Run this command in the MATLAB Command Window to load this file in MATLAB.
load shapes_training_data
The shapes_training_data
MAT file contains 119 data samples that are read from the accelerometer and gyroscope on the IMU sensor. These 119 samples are grouped into 100 frames, with each frame representing a hand gesture. Each frame has six values that are obtained from the X-, Y-, and Z- axes of the accelerometer and gyroscope, respectively. A total of 11,900 observations are stored in the data set for the circle and triangle shapes.
The cature_training_data.m
file captures the training data for the arduino_machinelearning_shapes
model. You can train the model using preconfigured MATLAB code in the capture_training_data.m
file and store the trained data in the shapes_training_data.mat
file.
This example uses the gr_script_shapes.m
file to preprocess the data set for the circle and triangle shapes, train the machine learning algorithm with the data set, and evaluate algorithm's ability to accurately predict the shapes. Follow this procedure to train and store the data in the MAT file shapes_training_data.mat
.
1. In the MATLAB Command Window, run this command to edit the gr_script_shapes.m
file. The MATLAB function in this file loads data from the shapes_training_data.mat
file, preprocesses and trains the data, and then performs a five-fold cross-validation for an ensemble classifier and compute its validation accuracy.
edit gr_script_shapes;
2. Configure these parameters.
a. Set the acceleration threshold for movement detection. Specify this value in the accelerationThreshold
parameter. In this example, the threshold is set to 2.5
. For more information on how to adjust the acceleration threshold for an IMU sensor, refer to the sensor datasheet.
b. To read data from the LSM6DS3 IMU sensor, create an lsm6ds3
object and specify the number of samples read in a single execution of the read function. In this example, the parameter is set to 119
.
c. Specify the number of frames to be captured per gesture in the while
loop. In this example, 100
frames are captured per gesture.
3. Hold the Arduino hardware in the palm of your hand and draw a circle in the air. If you want to create a data set of 100 frames for a circle, draw a circle 100 times in the air. Run this command in the MATLAB Command Window.

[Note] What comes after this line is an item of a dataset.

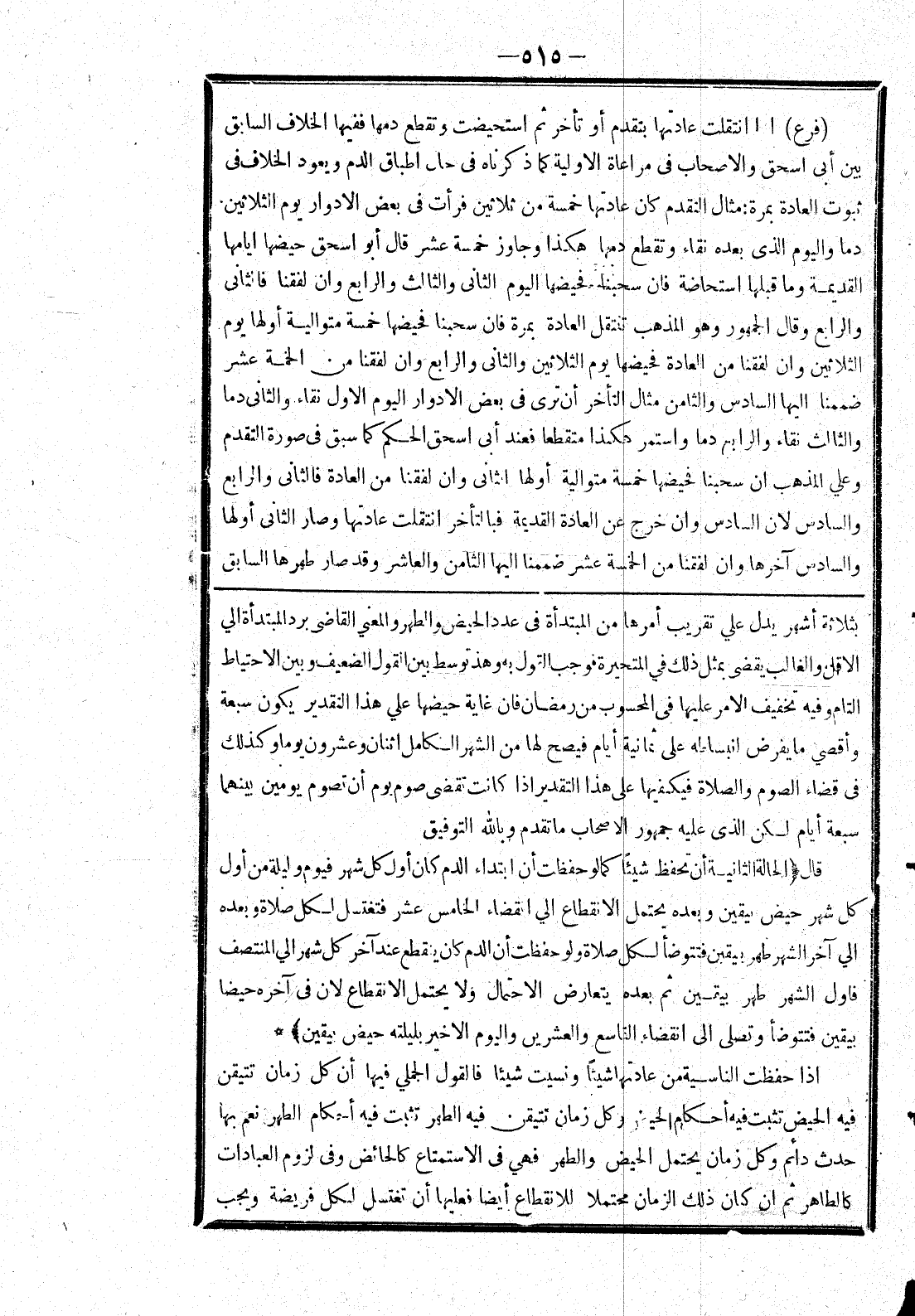 في قضاء الصوم والصلاة فيكفيها على هذا التقدير إذا كانت تقضى صوم يوم أن تصوم يومين بينهما سبعة أيام لكن الذى عليه جمهور الاصحاب ما تقدم وبالله التوفيق قال [الحالة الثانية أن تحفظ شيئا كما لو حفظت أن ابتداء الدم كان أول كل شهر فيوم وليلة من أول كل شهر حيض بيقين وبعده يحتمل الانقطاع الي انقضاء الخامس عشر فتغتسل لكل صلاة وبعده الي آخر الشهر طهر بيقين فتتوضأ لكل صلاة ولو حفظت أن الدم كان ينقطع عند آخر كل شهر الي المنتصف فاول الشهر طهر بيقين ثم بعده يتعارض الاحتمال ولا يحتمل الانقطاع لان في آخره حيضا بيقين فتتوضأ وتصلى إلى انقضاء التاسع والعشرين واليوم الاخير بليلته حيض بيقين] * إذا حفظت الناسية من عادتها شيئا ونسيت شيئا فالقول الجملي فيها أن كل زمان تتيقن فيه الحيض تثبت فيه أحكام الحيض وكل زمان تتيقن فيه الطهر تثبت فيه أحكام الطهر نعم بها حدث دائم وكل زمان يحتمل الحيض والطهر فهي في الاستمتاع كالحائض وفى لزوم العبادات كالطاهر ثم ان كان ذلك الزمان محتملا للانقطاع أيضا فعليها أن تغتسل لكل فريضة ويجب]

circle_data = shapes_training_data;
In the MATLAB Command Window, observe the value of the Gesture no. variable rising each time you draw a circle.
4. Similarly, for a triangle, hold the Arduino hardware in the palm of your hand and draw a triangle in the air. Run this command in the MATLAB Command Window.
triangle_data = shapes_training_data;
5. When you create your own data set for the circle and triangle shapes, use the same name for the MAT file in the gr_script_shapes
MATLAB code file. The gr_script_shapes
MATLAB code file is used to preprocess and train the data set for a circle and a triangle, train the machine learning algorithm with the data set, and evaluate its performance to accurately predict these shapes.
Extract Feature
The machine learning algorithm used in this example requires features that are extracted by taking the mean and the standard deviation of each column in a frame. Considering the X-, Y-, and Z- axes data for accelerometer and gyroscope each, this results in a 100-by-12 matrix of observations for each gesture.
Nframe = 100;
for ind = 1:Nframe featureC1(ind,:) = mean(circledata{ind}); featureC2(ind,:) = std(circledata{ind});
featureT1(ind,:) = mean(triangledata{ind}); featureT2(ind,:) = std(triangledata{ind}); end
X = [featureC1,featureC2; featureT1,featureT2; zeros(size(featureT1)),zeros(size(featureT2))];
% labels - 1: circle, 2: triangle, 3: idle Y = [ones(Nframe,1);2*ones(Nframe,1);3*ones(Nframe,1)];
Prepare Data
This example uses 80% of the observations to train a model that classifies two types of shapes and 20% of the observations to validate the trained model. Use cvpartition
(Statistics and Machine Learning Toolbox) to hold out 20% of the data for the test data set.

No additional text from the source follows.